Probabilistic Grid-Based Approaches for Privacy-Preserving Data Mining on Moving Object Trajectories

doi:10.1201/b10373-17

Chapter

Probabilistic Grid-Based Approaches for Privacy-Preserving Data Mining on Moving Object Trajectories

ABSTRACT

The efficient management of moving object databases has gained much interest in recent years due to the development of mobile communication and positioning technologies. A typical way of representing moving objects is to use the trajectories. Much work has focused on the topics of indexing, query processing and data mining of moving object trajectories, but little attention has been paid to the preservation of privacy in this setting. In many applications such as intelligent transport systems (ITS) and fleet management, floating car data (FCD), i.e., tracked vehicle locations, are collected, and used for mining traffic patterns. For instance, mining vehicle trajectories in urban transportation networks over time can easily identify dense areas (roads, junctions, etc.), and use this for predicting traffic congestion. By data mining the periodic movement patterns (objects follow similar routes at similar times) for individual drivers, personalized, context-aware services can be delivered. However, exposing location/trajectory data of moving objects to application

servers can cause threats to the location privacy of individual users. For example, a service provider with access to trajectory data can study a user’s personal and potentially sensitive habits.

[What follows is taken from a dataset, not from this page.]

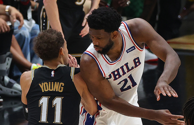 后半节,小库里抛投打进,博格丹打铁,恩比德极限后仰跳投命中,特雷杨超远三分终于造到犯规,兴奋的挥拳庆祝,三罚中二!哈里斯跳投命中,许尔特抛投弹无虚发,此后两队连续4回合打铁,还是科林斯跳投打破僵局,霍华德抢下篮板,老鹰主动叫停。暂停回来,塞布尔三分反超老鹰,科林斯单吃霍华德,哈里斯两罚全中,路威跳投打进,哈里斯轰进三分!节末特雷杨两罚全中,恩比德也跟着造犯规,最后时刻恩比德压哨打板命中。第一节打完,76人28-25领先老鹰。

The na¨ıve approach of keeping the user’s identity a secret by hiding / encoding the user’s ID does not work: Frequent user locations, such as the home and office addresses can be found by first self-correlating the user’s trajectory, and then cross-referencing the frequent locations with publicly available spatial data sources, e.g., The Yellow Pages, thereby revealing the user’s identity. In recent years, the study of privacy-preserving data mining has appeared

due to the advances in data collection and dissemination technologies which force existing data mining algorithms to be reconsidered from the point of view of privacy protection. Various privacy concepts and measures, such as kanonymity and l-diversity, and related privacy-preservation techniques, such as perturbation, condensation, generalization and data hiding with conceptual reconstruction have been proposed in the general setting. However, research that investigates the extension or applicability of these privacy concepts and measures to the spatio-temporal domain, in particular the privacy-preserving data mining of moving object trajectories has been limited. Hence this chapter is focused on addressing the unique challenge of obtaining detailed, accurate patterns from anonymized location and trajectory data. To this extent, after a thorough status report on research works related

to the issue of privacy-preserving data mining on moving object trajectories, first, the chapter proposes a novel anonymization framework for the preservation of location privacy on moving object trajectories. In this framework, users specify their requirements of location privacy, based on the notions of anonymization rectangles and location probabilities, intuitively saying how precisely they want to be located in given areas. Second, the chapter shows a common problem with existing methods that are based on the notion of kanonymity. This problem allows an adversary to infer a frequently occurring location of a user, e.g., the home address, by correlating several observations. Third, the chapter presents an effective grid-based framework for data collection and mining over the anonymized trajectory data. The framework is based on the notions of anonymization grids and anonymization partitionings which allow effective management of both the user-specified location privacy requirements and the anonymized trajectory data. Along with the framework, three policies for constructing anonymization rectangles, called common regular partitioning, individual regular partitioning, and individual irregular partitioning are presented. All three policies avoid the aforementioned privacy problem of existing methods. Fourth, the chapter presents a client-server architecture for an efficient implementation of the system. A distinguishing feature of the architecture is that anonymization is performed solely on the client, thus removing the need for trusted middleware. Fifth, the chapter presents techniques for solving two basic trajectory data mining operations within the proposed anonymization framework, namely finding dense spatio-temporal areas and finding frequent routes. The techniques are based on probabilistic counting.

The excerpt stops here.